ERRORS AND EXCEPTIONS
    Methods on "EV::Websockets::Connection" fall into two groups:

    Send / accessors that croak when the connection is gone
        "send", "send_binary", "send_ping", "send_pong", "send_fragment",
        and "stash" croak with "Connection has been destroyed" or
        "Connection is not open" if invoked after the connection has closed
        or been DESTROYed. Wrap in "eval { ... }" if you may race connection
        teardown.

    Lifecycle / control that silently no-op
        "close", "pause_recv", and "resume_recv" return silently when the
        connection is already closed or destroyed. This makes them safe to
        call from cleanup paths without guarding.

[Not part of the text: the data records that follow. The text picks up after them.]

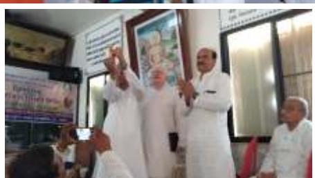
कार्यक्रमों की झलकियाँ
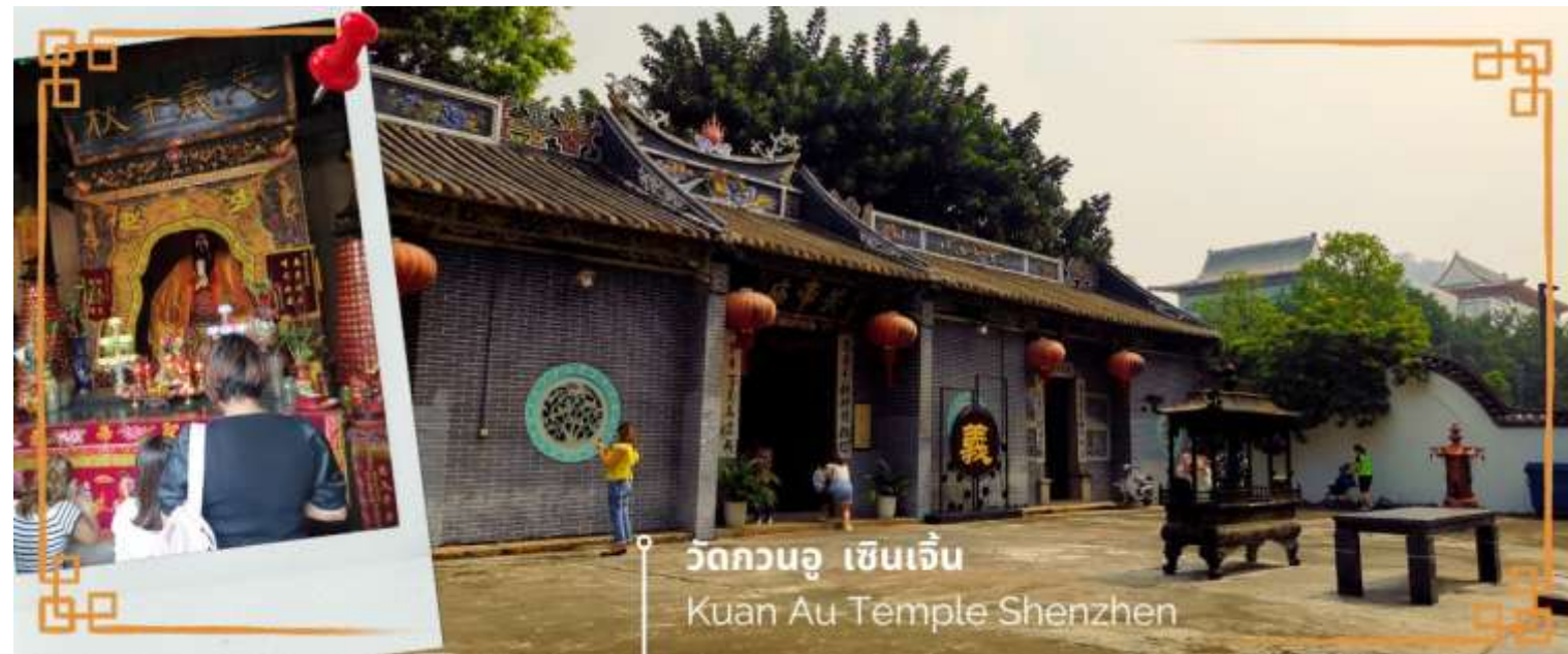
วัดกวนอู เซินเจิ้น Kuan Au Temple Shenzhen

เช้า ☉ บริการอาหารเช้า ณ ห้องอาหารของโรงแรม (3) จากนั้นนำท่านเดินทางสู่ วัดกวนอู ไหว้เทพเจ้ากวนอู สัญลักษณ์ของความซื่อสัตย์ ความกตัญญูรู้คุณ ความจงรักภักดี ความกล้าหาญ โชคลาภ และบารมี ท่านเปรียบเสมือนตัวแทนของความเข้มแข็งเด็ดเดี่ยวของอาจไม่ครั้งคร้ามต่อศัตรู ท่านเป็นคนจิตใจมั่นคงตั้งขุนเขา มีสติปัญญาเฉลียวฉลาด และไม่เคยประมาทการบูชาขอพรท่านก็หมายถึงขอให้ท่านช่วยอุดช่องว่างไม่ให้เพลิงงพล้ำแก่ฝ่ายตรงข้าม และให้เกิดความสมบูรณ์ด้วยคนข้างเคียงที่ซื่อสัตย์ หรือบิรวารที่ไว้วางใจได้นั้นเองดังนั้นประชาชนคนจีนจึงนิยมบูชา และกราบไหว้เพื่อความเป็นสิริมงคลต่อตนเอง และครอบครัวในทุกๆ ด้าน
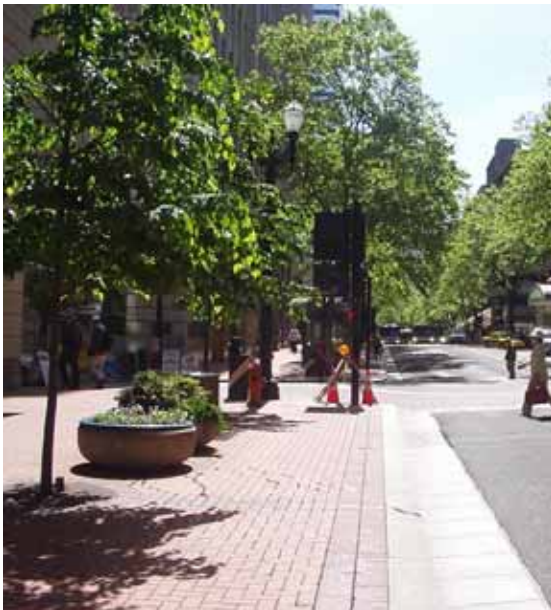
広い歩道(いい写真がない)

レンガ敷きの広い歩道に芸術的なオブジェやデザイン性の高いベンチなどがあり歩行者や観光客を楽しませてくれる。歩くのが楽しい！
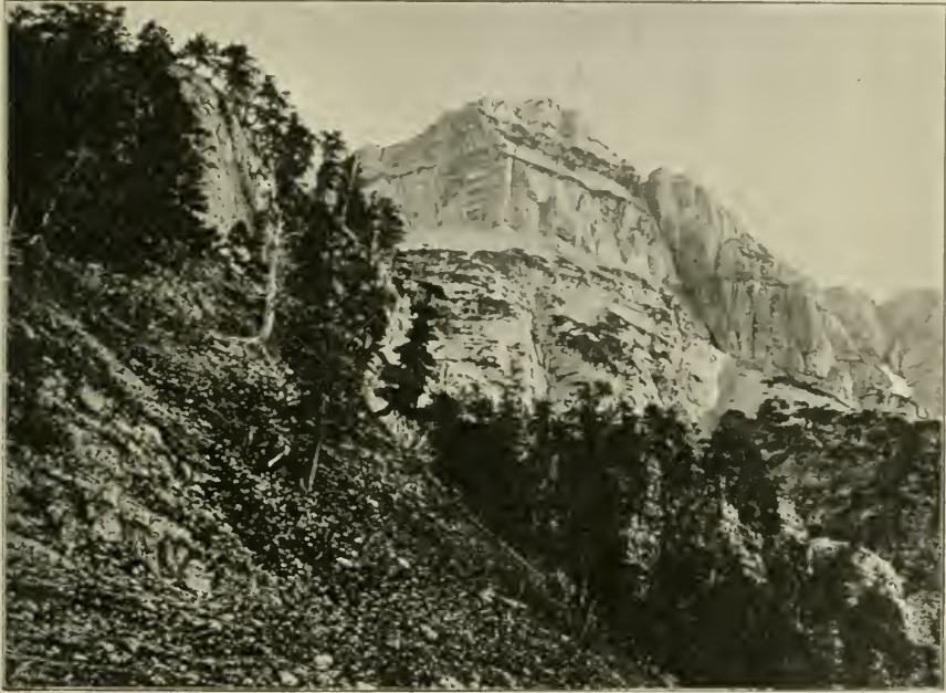
Fig. 12. Legföhren- ( Pinus pumilio -) Bestände am Herac (2019 m) bei Lučine in der Prenj-Planina. Im Mittelgrunde offene Bestände der Panzerföhre ( Pinus leucodermis ).

So wie bei allen das Hochgebirge bewohnenden Pflanzen verdient auch die untere Höhengrenze der Legföhre besondere Beachtung. Auf dem Krainer Schneeberge (1796 m), dessen Abhänge über unsere Gebietsgrenze reichen, ist nach A. VON KERNER (13, S. 116) Pinus Mughus mit Juniperus nana , Salix arbuscula und Rhododendron hirsutum noch in Höhen von 1530—1500 m angesiedelt. Sie zeigt sich aber auf den zwischen dem Krainer Schneeberge und Risnjak (1528 m) liegenden Höhen noch in viel tieferen Lagen, da sie sich nach HIRC (15) auch auf den Bergen Guslice und Med vrh in Gesellschaft von Rhododendron hirsutum , Lonicera coerulea , Salix grandifolia und Erica carnea

    User-supplied callbacks ("on_connect", "on_message", "on_close",
    "on_error", "on_pong", "on_drain", "on_handshake") are invoked under
    "G_EVAL": a die inside a callback is caught, warned, and the connection
    continues. "on_error" is itself wrapped, so a die inside "on_error" will
    not recurse.

SEE ALSO
    EV, Alien::libwebsockets, libwebsockets <https://libwebsockets.org/>,
    Net::WebSocket::EVx, AnyEvent::WebSocket::Client

AUTHOR
    vividsnow

LICENSE
    This library is free software; you can redistribute it and/or modify it
    under the same terms as Perl itself.